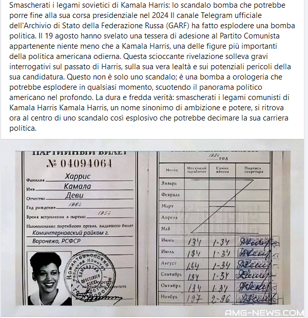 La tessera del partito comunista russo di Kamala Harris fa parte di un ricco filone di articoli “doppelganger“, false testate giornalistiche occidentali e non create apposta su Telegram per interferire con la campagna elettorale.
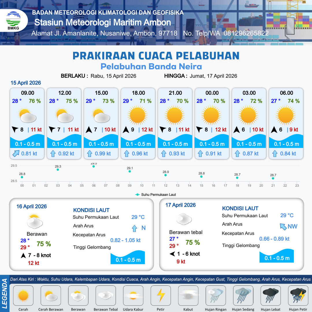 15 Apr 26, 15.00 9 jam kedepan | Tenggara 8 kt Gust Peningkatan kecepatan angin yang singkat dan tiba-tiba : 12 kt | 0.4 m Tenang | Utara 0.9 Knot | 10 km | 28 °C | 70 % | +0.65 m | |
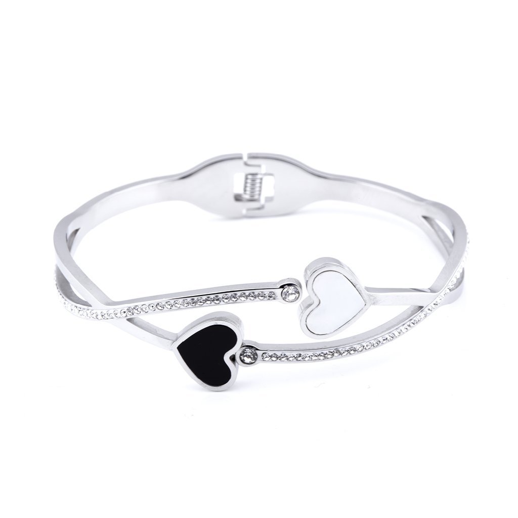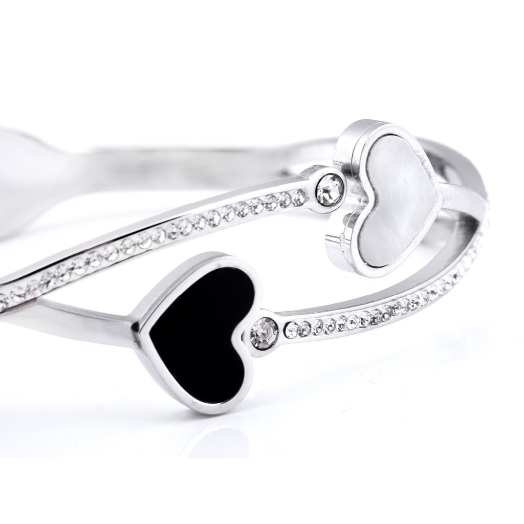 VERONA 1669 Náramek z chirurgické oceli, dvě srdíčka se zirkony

...

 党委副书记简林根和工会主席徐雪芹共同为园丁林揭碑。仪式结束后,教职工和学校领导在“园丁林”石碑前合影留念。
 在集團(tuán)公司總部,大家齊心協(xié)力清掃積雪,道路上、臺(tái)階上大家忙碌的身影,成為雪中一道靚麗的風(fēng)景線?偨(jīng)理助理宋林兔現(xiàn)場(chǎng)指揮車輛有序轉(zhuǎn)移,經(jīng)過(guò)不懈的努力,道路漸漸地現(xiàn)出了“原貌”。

---

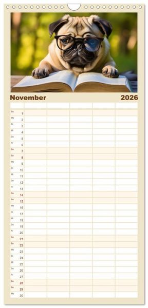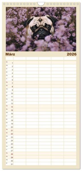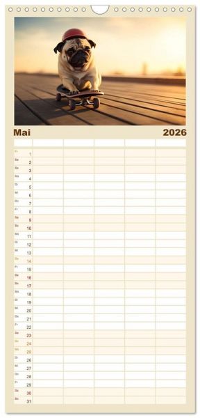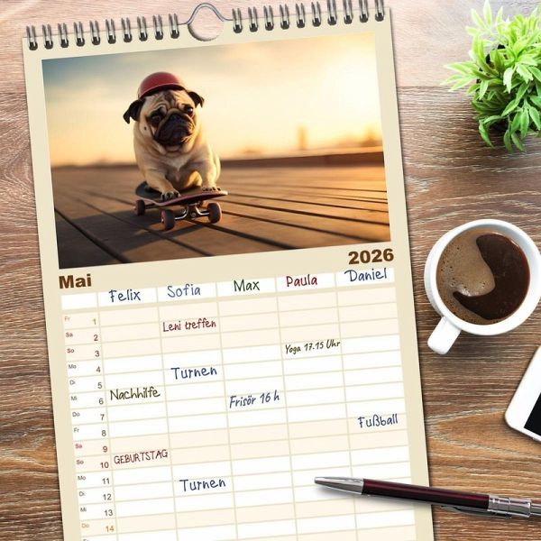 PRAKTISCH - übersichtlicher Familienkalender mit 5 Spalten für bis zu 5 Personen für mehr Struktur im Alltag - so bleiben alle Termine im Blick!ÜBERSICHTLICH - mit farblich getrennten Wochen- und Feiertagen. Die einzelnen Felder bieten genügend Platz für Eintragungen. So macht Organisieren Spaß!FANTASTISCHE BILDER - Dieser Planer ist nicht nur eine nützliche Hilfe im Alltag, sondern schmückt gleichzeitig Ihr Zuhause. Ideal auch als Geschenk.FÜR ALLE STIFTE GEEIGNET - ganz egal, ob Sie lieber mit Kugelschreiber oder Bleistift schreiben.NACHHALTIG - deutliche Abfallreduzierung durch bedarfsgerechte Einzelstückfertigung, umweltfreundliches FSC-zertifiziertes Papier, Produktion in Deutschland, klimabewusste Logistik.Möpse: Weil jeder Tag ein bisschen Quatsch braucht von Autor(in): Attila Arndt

» Exercise objective
Text only, no pictures: please print exactly the lines above from the line with "15 Apr 26, 15.00" up to and including the line with "VERONA 1669 Náramek", and nothing else.

» Solution
 15 Apr 26, 15.00 9 jam kedepan | Tenggara 8 kt Gust Peningkatan kecepatan angin yang singkat dan tiba-tiba : 12 kt | 0.4 m Tenang | Utara 0.9 Knot | 10 km | 28 °C | 70 % | +0.65 m | |
 VERONA 1669 Náramek z chirurgické oceli, dvě srdíčka se zirkony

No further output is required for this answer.